* _Input data_:
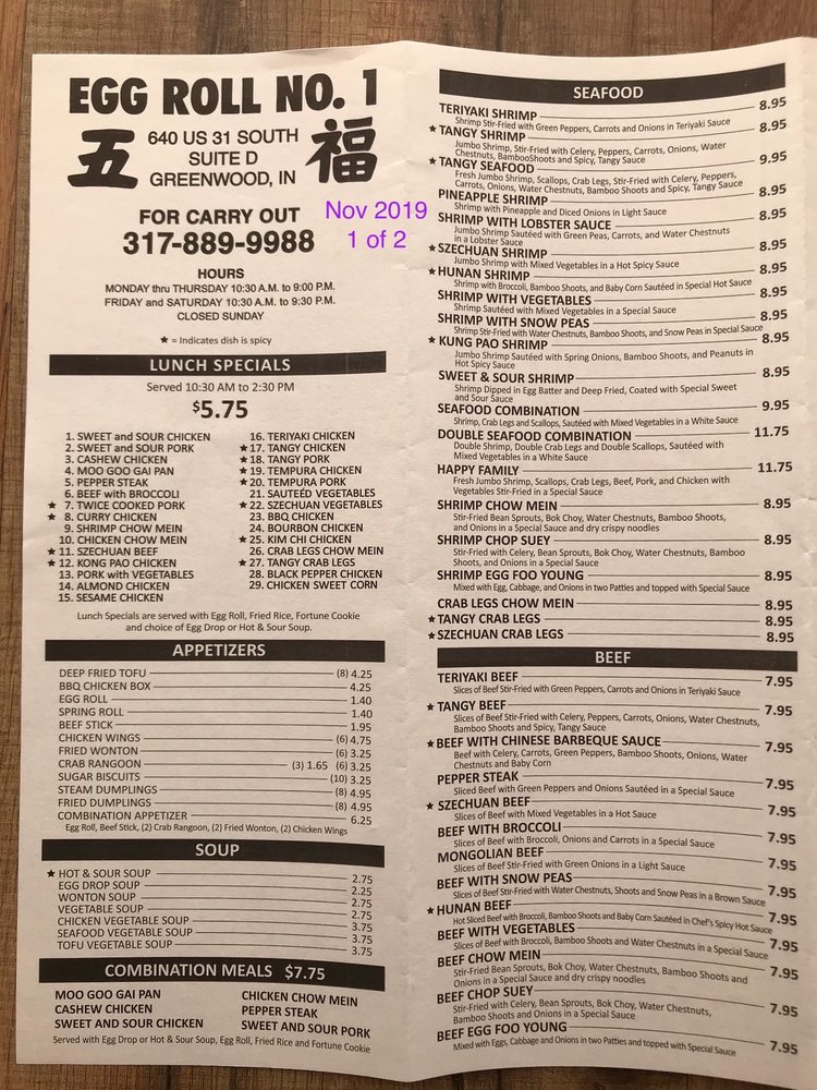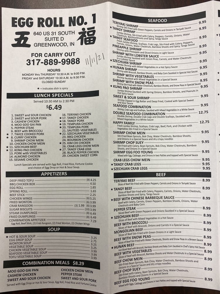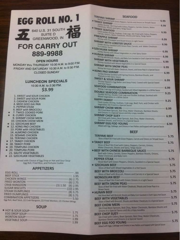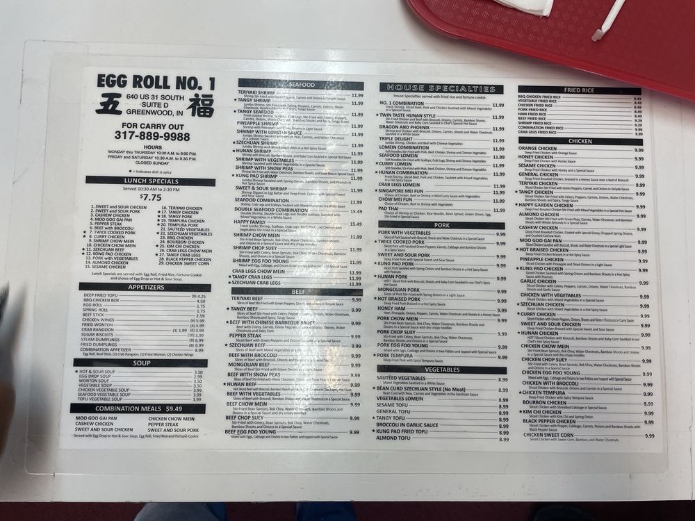 Egg Roll Number 1, a Chinese restaurant located in Greenwood, IN, offers a variety of dishes with many vegetarian options. Customers rave about the excellent service and quick order turnaround. The menu includes classic Chinese dishes like General Tso's Chicken, Sesame Chicken, and Chicken Fried Rice. While some reviewers noted inconsistencies in the chicken dishes, overall, the food is praised for its flavor and value. The restaurant has a cozy dining area and also offers takeout and delivery options. With lunch specials and affordable prices, Egg Roll Number 1 is a popular choice for those craving Chinese cuisine in the area. Don't miss out on their egg rolls, which are a must-try according to satisfied customers. Explore their menu for a delicious dining experience that won't disappoint.
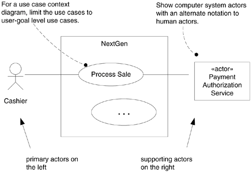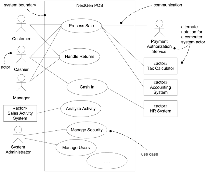 处理销售用例中的主要参与者为什么时收银员,而不是顾客?其答案和所设计系统的边界,以及我们设计系统的主要对象有关。
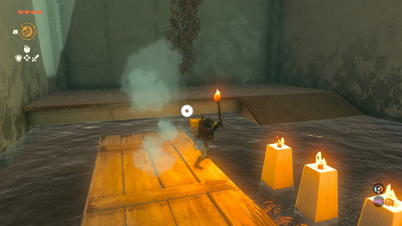 Mit der entflammten Fackel geht es aufs andere Ufer, wo ihr die Kletterpflanze an der Wand verbrennt, damit die Truhe nach unten fällt und euch mit Starker Konstruktbogen belohnt. Mit der Zeitumkehr schickt ihr das Floß und damit euch selbst nun zurück. Auf der anderen Seite angekommen, entfacht ihr die Feuerstellen links und rechts vor der Tür.
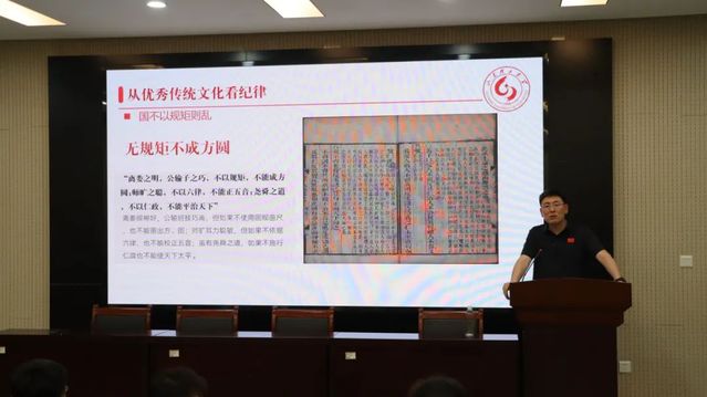韩长江从“从优秀传统文化看纪律”、“从百年党史看党纪建设”、“学习领会《中国共产党纪律处分条例》的主旨要义”三个部分进行详细的讲解。他强调,全体党员要以党纪学习教育为契机,要充分学习领会《条例》内容,要原原本本的学、逐字逐句的学,内化于心、外化于行;要学纪、知纪、明纪,在思想上、学习上、工作上、生活上做好模范带头作用;要树立遵规守纪意识,进一步加深对中国共产党的认识,更加坚定努力做一名合格共产党员的决心。

* _Task objective_: Set down the material above exactly as written, but not the pictures.

* _Solved exercise_:
 Egg Roll Number 1, a Chinese restaurant located in Greenwood, IN, offers a variety of dishes with many vegetarian options. Customers rave about the excellent service and quick order turnaround. The menu includes classic Chinese dishes like General Tso's Chicken, Sesame Chicken, and Chicken Fried Rice. While some reviewers noted inconsistencies in the chicken dishes, overall, the food is praised for its flavor and value. The restaurant has a cozy dining area and also offers takeout and delivery options. With lunch specials and affordable prices, Egg Roll Number 1 is a popular choice for those craving Chinese cuisine in the area. Don't miss out on their egg rolls, which are a must-try according to satisfied customers. Explore their menu for a delicious dining experience that won't disappoint.
 处理销售用例中的主要参与者为什么时收银员,而不是顾客?其答案和所设计系统的边界,以及我们设计系统的主要对象有关。
 Mit der entflammten Fackel geht es aufs andere Ufer, wo ihr die Kletterpflanze an der Wand verbrennt, damit die Truhe nach unten fällt und euch mit Starker Konstruktbogen belohnt. Mit der Zeitumkehr schickt ihr das Floß und damit euch selbst nun zurück. Auf der anderen Seite angekommen, entfacht ihr die Feuerstellen links und rechts vor der Tür.
韩长江从“从优秀传统文化看纪律”、“从百年党史看党纪建设”、“学习领会《中国共产党纪律处分条例》的主旨要义”三个部分进行详细的讲解。他强调,全体党员要以党纪学习教育为契机,要充分学习领会《条例》内容,要原原本本的学、逐字逐句的学,内化于心、外化于行;要学纪、知纪、明纪,在思想上、学习上、工作上、生活上做好模范带头作用;要树立遵规守纪意识,进一步加深对中国共产党的认识,更加坚定努力做一名合格共产党员的决心。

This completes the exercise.